Илья Машков был не только художником, но еще и многолетним преподавателем, с дореволюционным стажем, что называется. Десятки людей у него учились, совсем не худшие впоследствии авторы. Влияние Машкова на нашу изобразительную культуру не обдумывалось как выставочный сюжет?
Обдумывалось, но пока мы такую тему вряд ли поднимем. Наверное, про школу Машкова можно будет сделать выставку, но даже не в следующем году. А так — да, конечно, педагог. Начиная с того, что у него учился Роберт Фальк, правда, мало, до революции, и он не очень любил об этом упоминать, но тем не менее. Александр Осмеркин всегда считал и буквально везде писал черным по белому: «Я — ученик Машкова». Всеми любимые Георгий Рублев и Андрей Гончаров оставили восторженные воспоминания о школе Машкова. Думаю, почти все лучшее в живописи советского времени — и при жизни Машкова, и после смерти — его заслуга, он так и гнул французскую колористическую линию.
Для меня все-таки московская школа, основная определяющая ее, — это в первую очередь живопись цветом. Это колористическая школа, которая с трудом, но удерживалась, в том числе усилиями Ильи Машкова. И в 1920-е, и в 1930-е годы, да и в 1960-е и в дальнейшие десятилетия она продолжала существовать. Хотя многие считают, что живопись умерла, ее давно нет и не будет никогда. Но поскольку мы видели живых художников, то знаем, что это не так.
Будет ли продолжение у серии выставок про московскую школу? И если да, то протянется ли эта линия до сегодняшних авторов?
Пока не знаю, с кем из современных художников мы бы сейчас стали договариваться о выставке. Но со временем наверняка такая будет, и не одна. А если говорить о более давних временах, то нам бы хотелось представить работы тех художников, кого называют иногда «малыми московцами». То есть учеников Вхутемаса, которые потом, в 1930-е годы, были разгромлены за формализм и осели в московской художественной школе в Чудовом переулке — я имею в виду Александра Глускина, Михаила Перуцкого и некоторых других. Хотя, конечно, нужны предпосылки к этому: их произведения рассеяны, довольно трудно их собирать. Это большая, длительная работа. Но тему московской школы мы точно не будем оставлять.
А что еще в планах?
В конце осени надеемся сделать выставку Адольфа Монтичелли, художника XIX века, мало известного в России и прославившегося неоднозначным к нему отношением в мире. Пожалуй, единственное, что все знают об этом авторе, — что он почти учитель Винсента Ван Гога: тот ему буквально поклонялся.
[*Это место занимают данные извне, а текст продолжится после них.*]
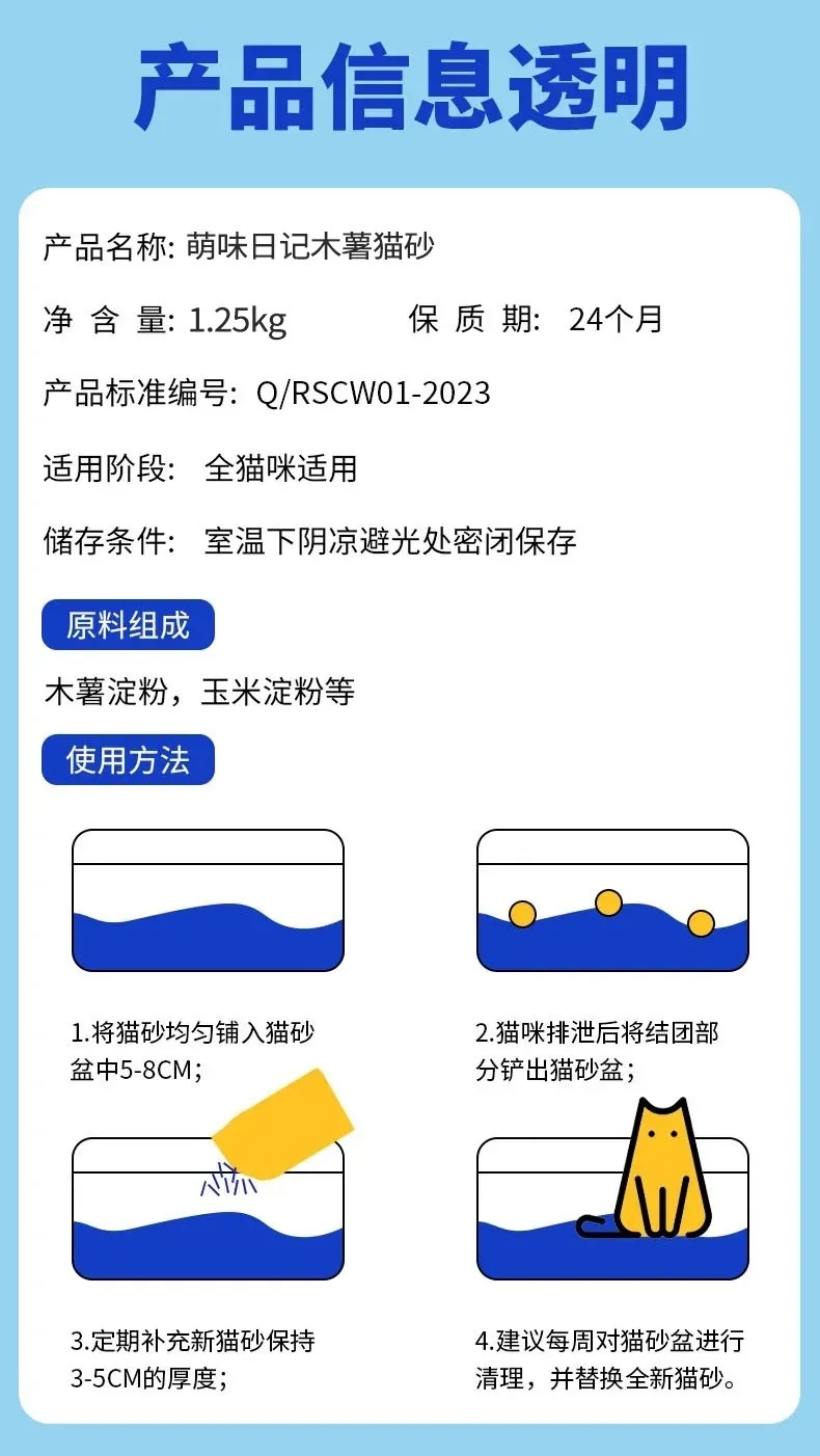 | Especificaciones | Diario de sabor dulce de plantas naturales de yuca arena para gatos 1.25kg / bolsa |

Но творчество Монтичелли гораздо шире, интереснее, и хотелось бы показать его в России. Французские исследователи, с которыми мы работаем над проектом, с энтузиазмом восприняли нашу идею, но страшно удивились, что в России вообще о нем знают. Между тем когда-то его здесь знали лучше. В частности, его работы собирал Алексей Боголюбов, знаменитый художник-маринист XIX века, поэтому картины Монтичелли представлены в художественном музее Саратова.
В Европе его любили, но как-то точечно. Вот в одном из своих писем из тюрьмы Оскар Уайльд беспокоился, что они заберут всех его Монтичелли… Словом, это своего рода художник для художников — и еще для эстетов.